Censured by the Israeli Government
 
When talking with Pérez del Campo, he mentioned all the festivals where they were nominated, further saying there were “attempts of the Israeli government to censor our documentary in several events.”
 
When asked as to why some festivals refused to screen the documentary, Pérez del Campo did not want to provide further information. “It would put the people who informed me at risk,” he explained, “it would put at danger the informant’s jobs security.”
 
Pérez del Campo also stated in an interview carried out to eldiario.es that “one of the protagonists of the documentary was assassinated by the IDF six months after filming.
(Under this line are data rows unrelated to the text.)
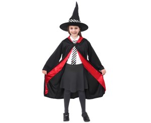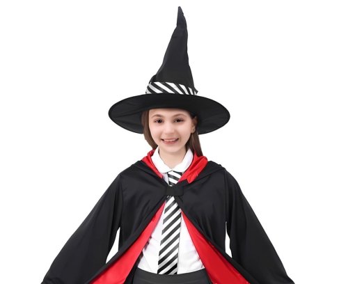 Detský kostým Kúzelník/Kúzelníčka, veľkosť 130/140 cm. Kostým obsahuje kúzelnícky klobúk a kúzelnícky plášť.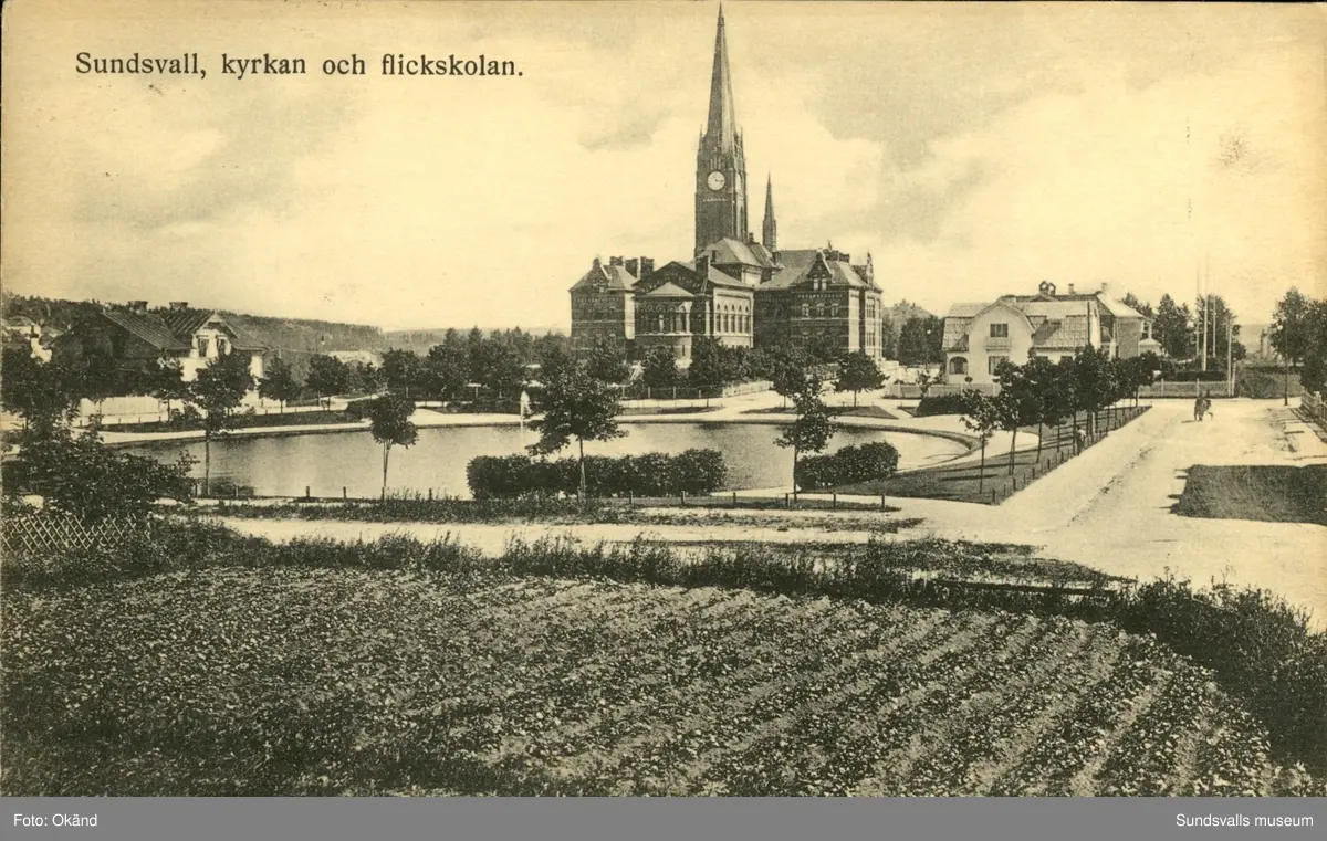 Vykort med motiv över Bünsowska tjärnen, Gustav Adolfs kyrka och Flickskolan.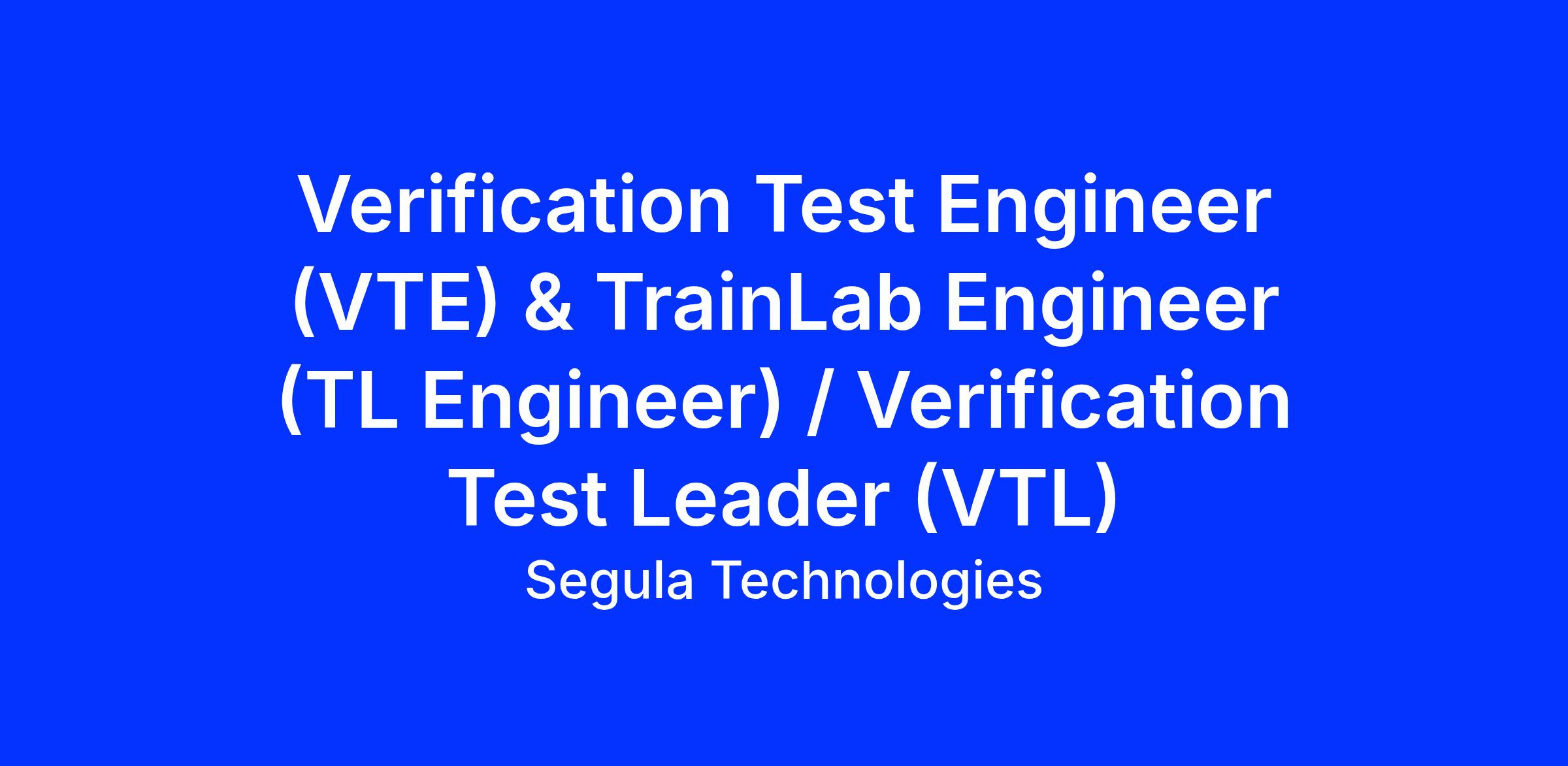 Verification Test Engineer (VTE) & TrainLab Engineer (TL Engineer) / Verification Test Leader (VTL)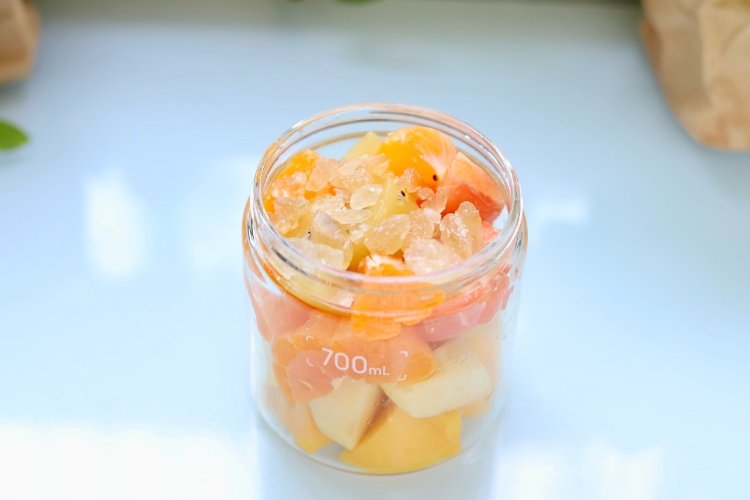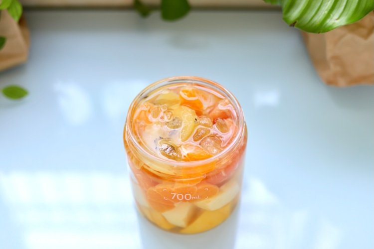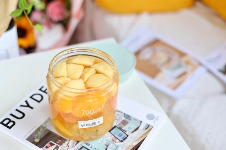 自己在家做的水果罐头,无添加没有防腐剂,糖量还能根据自己喜好控制,吃的安心,做起来也不难,你也试试吧~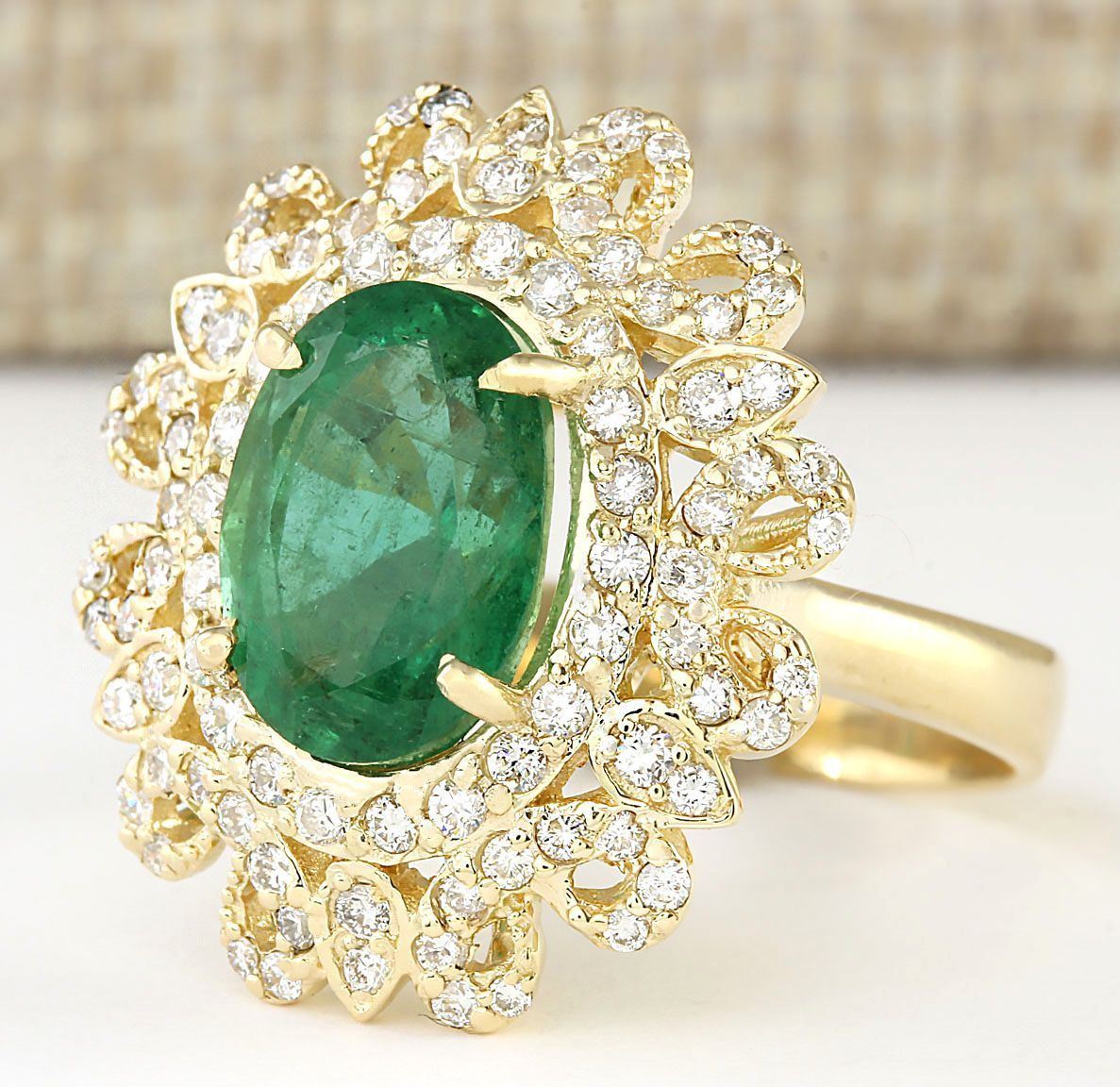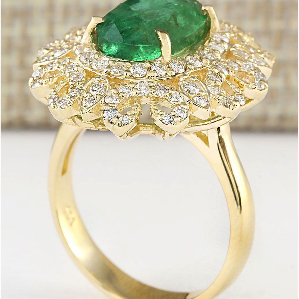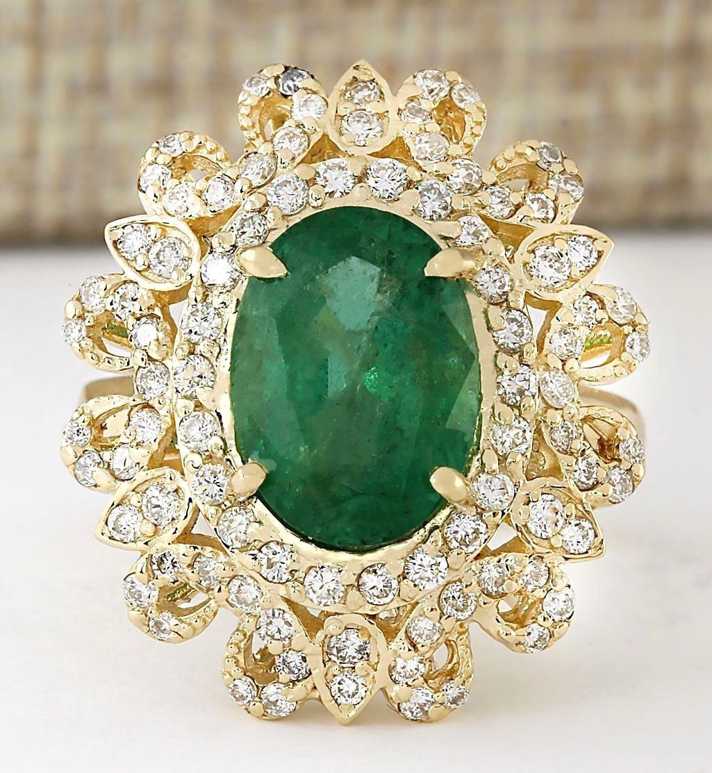 5.16 CTW Natural Emerald And Diamond Ring In 14k Yellow Gold

The rest of the people interviewed for the documentary had also suffered severe consequences after the filming. This is what they have to stand in face of the passivity of the international community.” He also added that he fears about the future of the people he interviewed in the documentary, people with whom they created close relationships.
 
This is not the first time Israel is accused of lobbying against Palestinian-related movies in film festivals. In May 2016, the Electronic Intifada revealed several Israeli lobby groups in France were applying pressure to block the screening of a Palestinian documentary. Even though, 'Munich: A Palestinian Story’ by Nasri Hajjaj was eventually screened in the Cannes Film Festival.
 
'Foxtrot’, an acclaimed drama which depicts the Israeli Army covering up the death of a Palestinian teenager, had also suffered from Israel’s boycott. The embassy officials of Israel did not attend the opening event in Paris.
 
According to the Palestine Legal Organisation, the grounds of boycotting anything related to the Israeli occupation are based on false and inflammatory accusations of antisemitism and support for terrorism. Palestinian freedom of speech is under threat as Israel advocacy groups monitor speech and activities. Then, the Palestinian right advocates are accused by Israel of antisemitism based solely on their criticism towards Israeli policy.